What to do
Below are entries; copy exactly the lines from the one with "横45mm、厚さが15.3m" through the one with "Heavy Duty Retractable", both included, and leave out the rest.

Top of Data to process

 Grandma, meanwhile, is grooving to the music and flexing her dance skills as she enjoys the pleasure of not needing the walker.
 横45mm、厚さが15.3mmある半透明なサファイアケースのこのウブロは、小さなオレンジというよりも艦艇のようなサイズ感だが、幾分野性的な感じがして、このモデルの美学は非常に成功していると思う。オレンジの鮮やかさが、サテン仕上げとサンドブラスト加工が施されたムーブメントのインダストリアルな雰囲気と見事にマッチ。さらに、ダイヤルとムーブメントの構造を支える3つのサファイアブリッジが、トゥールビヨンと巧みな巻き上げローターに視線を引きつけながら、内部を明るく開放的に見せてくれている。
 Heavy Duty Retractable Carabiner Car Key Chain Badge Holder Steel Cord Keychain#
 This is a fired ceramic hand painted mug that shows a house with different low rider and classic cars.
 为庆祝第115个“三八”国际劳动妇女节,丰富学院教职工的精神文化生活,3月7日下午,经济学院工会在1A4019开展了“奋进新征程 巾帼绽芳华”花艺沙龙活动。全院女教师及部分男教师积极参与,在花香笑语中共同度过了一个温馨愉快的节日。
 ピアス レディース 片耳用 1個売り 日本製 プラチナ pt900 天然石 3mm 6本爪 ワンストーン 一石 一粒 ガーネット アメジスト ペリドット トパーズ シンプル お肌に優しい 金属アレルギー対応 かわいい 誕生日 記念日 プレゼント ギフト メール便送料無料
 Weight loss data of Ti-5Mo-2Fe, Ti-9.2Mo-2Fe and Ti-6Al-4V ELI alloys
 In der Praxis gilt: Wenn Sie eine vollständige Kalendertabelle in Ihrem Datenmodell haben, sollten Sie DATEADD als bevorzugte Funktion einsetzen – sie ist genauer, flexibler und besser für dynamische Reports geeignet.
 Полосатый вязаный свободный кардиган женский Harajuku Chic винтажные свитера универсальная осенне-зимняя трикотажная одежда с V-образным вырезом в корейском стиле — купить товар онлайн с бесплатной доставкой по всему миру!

Bottom of Data to process

Output for this task
 横45mm、厚さが15.3mmある半透明なサファイアケースのこのウブロは、小さなオレンジというよりも艦艇のようなサイズ感だが、幾分野性的な感じがして、このモデルの美学は非常に成功していると思う。オレンジの鮮やかさが、サテン仕上げとサンドブラスト加工が施されたムーブメントのインダストリアルな雰囲気と見事にマッチ。さらに、ダイヤルとムーブメントの構造を支える3つのサファイアブリッジが、トゥールビヨンと巧みな巻き上げローターに視線を引きつけながら、内部を明るく開放的に見せてくれている。
 Heavy Duty Retractable Carabiner Car Key Chain Badge Holder Steel Cord Keychain#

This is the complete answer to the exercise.